Става зло рассмеялась и постучала пальцами по столу.

— Да если бы только! Ссскотина…

Алика была, может быть, невыносима и любила бороться с ветряными мельницами, но именно здесь, когда она поехала в Службу, она сделала по-настоящему важное дело. Правда, она сама не поняла, что именно в её словах оказалось значимым.

Крысиные деньги — да мало ли их, этих денег, утеряно на развалинах Марпери! Нашли и нашли; ещё и не то можно найти, если хорошо поискать. Другое дело, что в Марпери не могло работать полицейского, который уж совсем ничего не знал бы о крысиных деньгах.

Темиш должен был понимать, что, как и куда нужно сообщать, если крысиными деньгами интересуются жители. Но вот уже почти десять лет, как в Марпери — по его словам, — никто не упоминал крысиных денег.

— У Царбика их целый чемодан, — вспомнила я.

— О да, — оскалилась Става. — Мы уже знаем.

Темиш не сообщил о находке, хотя у него не могло быть на это никаких причин. Действительно так хотел нажить себе лишние полторы сотни, или было что-то другое?

Словом, в Марпери инкогнито приехала лиса. И там, где пёсий нюх успешно сбили хлоркой и временем, лиса установила однозначно: это Темиш забрал монеты и у меня, и у Абры. Лиса покрутилась ещё и вынюхала (правда, уже не носом), что Царбик получил от Темиша много письменных заверений, что все его находки известны управлению, хотя это не было правдой; и что весомую часть монет Царбик сдал Службе, вот только Служба никогда их не получила.

А ещё выяснилось, что у Темиша в сейфе стоит гипсовая голова, через какие предпочитают общаться с людьми лунные.

Лунные, вяло повторила про себя я.
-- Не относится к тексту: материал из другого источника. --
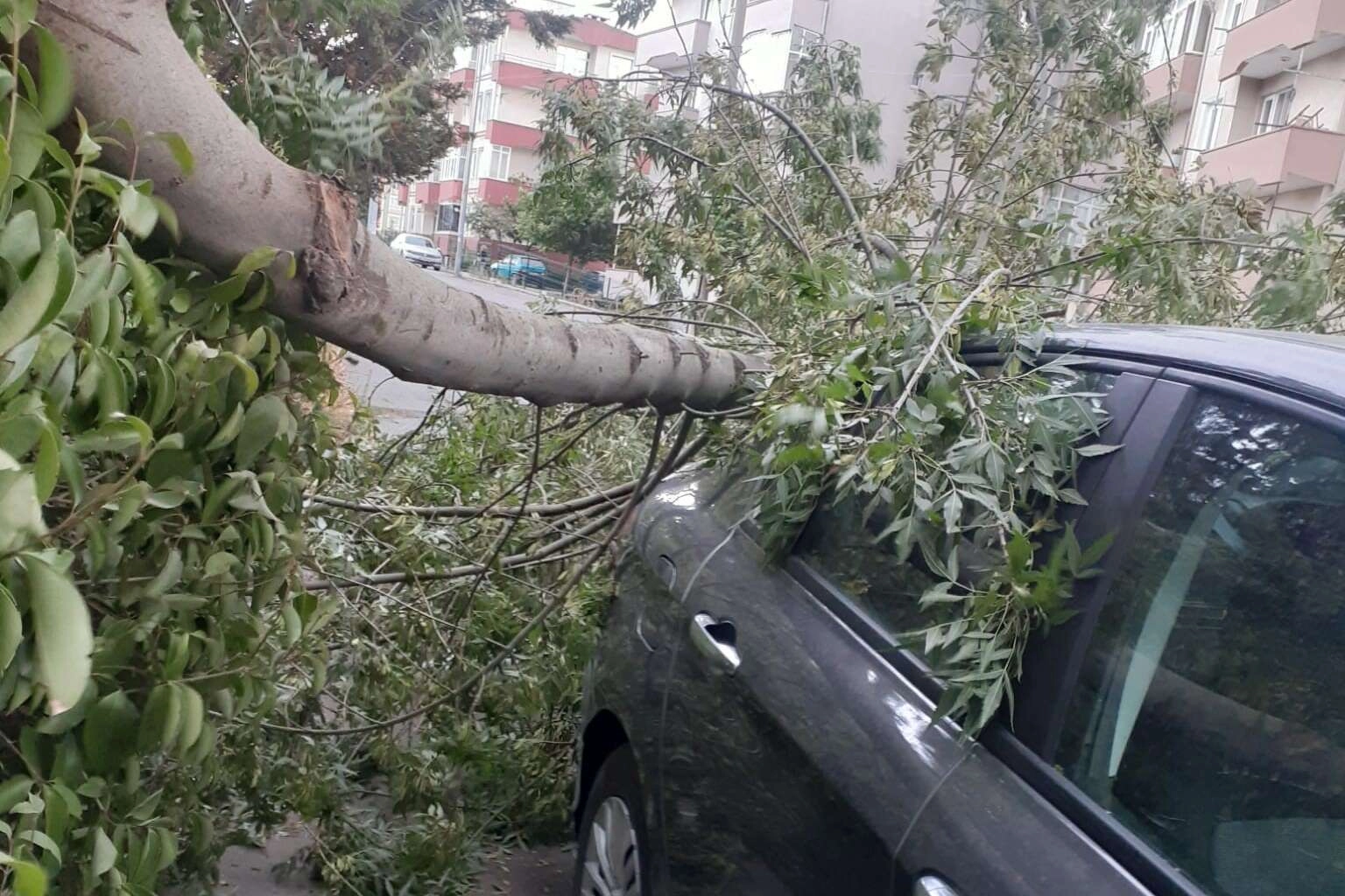 Tekirdağ Kapaklı İsmetpaşa Mahallesi Cumhuriyet Caddesi ve Gaziosmanpaşa Caddesi arasında kalan 61. Sokak üzerinde park halinde bulunan otomobilin üzerine ağaç devrildi.

Те лунные, которые так хотели запереть Дезире на склонах Марпери. Но, как я ни старалась, лунный след волновал меня меньше другого.

— Троленка…

Става кивнула.

У машины, в которой разбился её мужчина, не нашли никаких следов. Не было ни посторонних запахов, ни признаков технических неполадок. Водитель не справился с управлением на влажной дороге; трагическая случайность, такие бывают.

А он любил её, Троленку, конечно, любил, — как можно не любить свою пару; и у руля крепил на зажиме фотографию дочки…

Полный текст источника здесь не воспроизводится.